Was Diamonds on the Water im letzten Jahr war, könnte dies hier 2015 werden: bestes englisches Folkrockalbum für eine ganze Menge Leute, mich eingeschlossen. Aufmüpfig wie die Whisky Priests, tiefgründig wie Chumbawamba und Mut machend wie die Oysters kommt hier eine tolle Band, die anspricht und mitreißt. Das heute veröffentlichte Ghost in our House ist erst ihr drittes volles Album. Die Band um die Brüder Kettle (Andrew – Gesang, Bob – Mandoline, John – Gitarre) bringt jedoch reichlich Erfahrung mit und ist bestens aufeinander eingespielt. Prägend sind die starken Stimmen, genauer das Duo Virginia Kettle (Ehefrau von John) und ihr Schwager Andrew.

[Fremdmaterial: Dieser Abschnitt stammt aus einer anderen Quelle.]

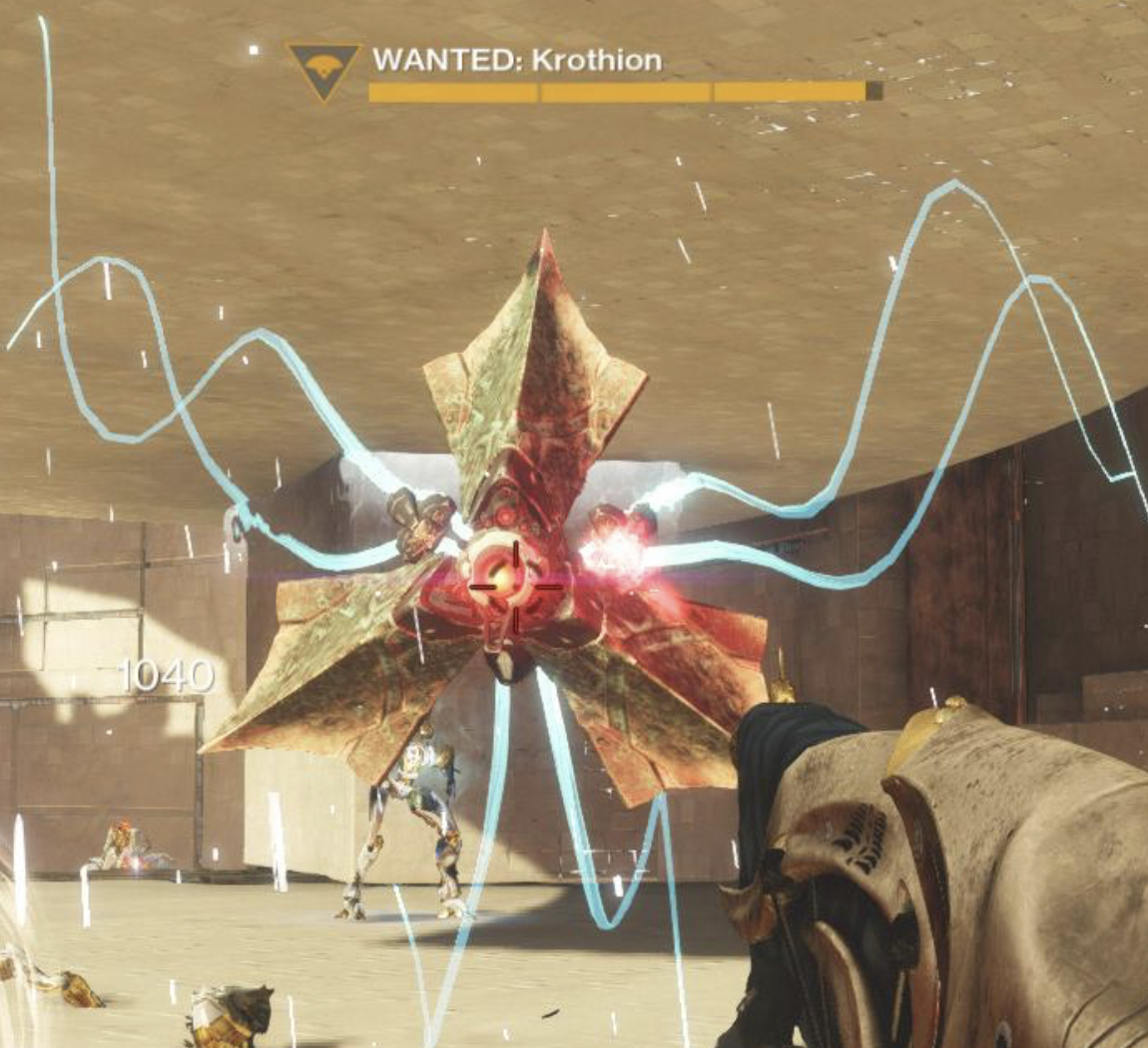 This image is a screenshot of a character or AI unit from the Destiny series of first-person shooter video games developed by Bungie Studios and published by Bungie or Activision. It falls under the screenshot category for a copyrighted computer game or video game, and the copyright for it is most likely held by the company that developed the game. It is believed that the use of a limited number of web-resolution screenshots:

Sie tragen die Inhalte der selbst geschriebenen Lieder, die kluge Alltagsbetrachtungen mit einem Schuss Humor anstellen, über Liebe und Verlust sinnieren, aber auch politisch Haltung zeigen.
Dass es …and other stories heißt, ist bei Texten gerechtfertigt, die in der sozialen Realität stehen, einer vergangenen wie auch der gegenwärtigen. Die Refrains besitzen einen Hang zum Hymnischen. Bass (Nick Davies) und Drums (Andy Jones), Keyboards (Lee Goulding) und Fiddle (Neil McCartney) liefern feine Arrangements. Das Booklet der CD enthält alle Texte, und auch die Grafik überzeugt.
Merry Hell sind hörbar in der englischen Folkszene verankert, besitzen aber souveräne Eigenständigkeit und einen wiedererkennbaren Sound. Mit Ghost… sind die Acht aus Nordwestengland definitiv in der international präsentablen Liga angekommen. Ihre in den Neunzigern beginnende Geschichte kann man bei wikipedia (engl.) nachlesen. In ihrer Heimat haben sich Merry Hell bereits als Festivalband einen Namen gemacht. Vielleicht auch bald hier?